Generate SQL Reports from Plain English using Large Language Models

Automating Data Retrieval for Non-Technical Users

Accessing valuable insights locked within databases often requires proficiency in SQL (Structured Query Language). This poses a significant barrier for non-technical users who need dynamic reports but lack the expertise to write complex queries. Manually crafting these queries can also be time-consuming and error-prone, especially in fast-paced production environments. A more efficient approach involves leveraging the power of Large Language Models (LLMs) to translate natural language requests directly into executable SQL.

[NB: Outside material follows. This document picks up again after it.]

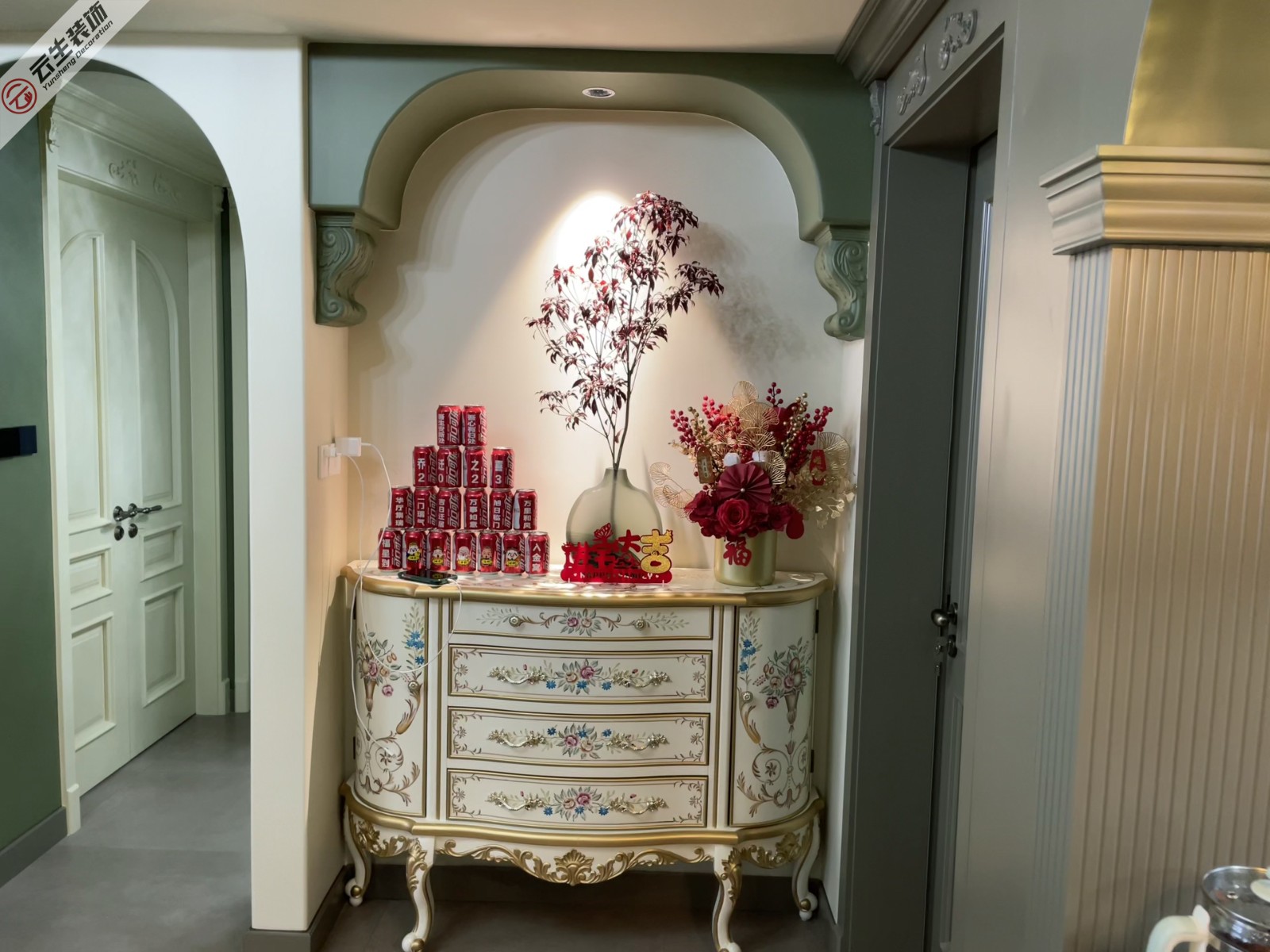 客厅的墙壁采用了墨绿色、奶白色为主色调,在空间吊顶设计上,做简约的雕花设计,细致的花纹石膏线,呈现出精致的空间效果,透着法式复古浓浓的浪漫气息,营造空间主次分明的秩序。壁炉里摆放着装饰画和摆件,为客厅空间增添了一抹唯美的色彩。当壁炉这一意象注入家中,美好从中迸发,无形的生活之光在家中洋洋洒洒地蔓延着。

This post explores a methodology for building a system that allows users to generate database reports simply by asking questions in plain English. While the examples provided utilize Ruby on Rails, the core concepts are language-agnostic and can be readily implemented using Python, Java, JavaScript, or other preferred stacks.

The Challenge: Bridging the Gap Between Users and Data

The primary goal is to empower users to retrieve data insights without needing direct SQL knowledge. An effective system must accomplish several key tasks:

1. Interpret User Intent: Understand the user’s natural language query to identify the specific data required and the relevant database tables involved.
2. Generate Accurate SQL: Convert the interpreted intent into a valid and efficient SQL query that can be executed against the database.
3. Retrieve and Structure Data: Execute the generated query and return the results in a clear, structured format (like a table) that is easy for the user to understand and consume.

This approach aims to create a seamless, intuitive experience for users while utilizing LLMs to handle the technical complexity of SQL generation.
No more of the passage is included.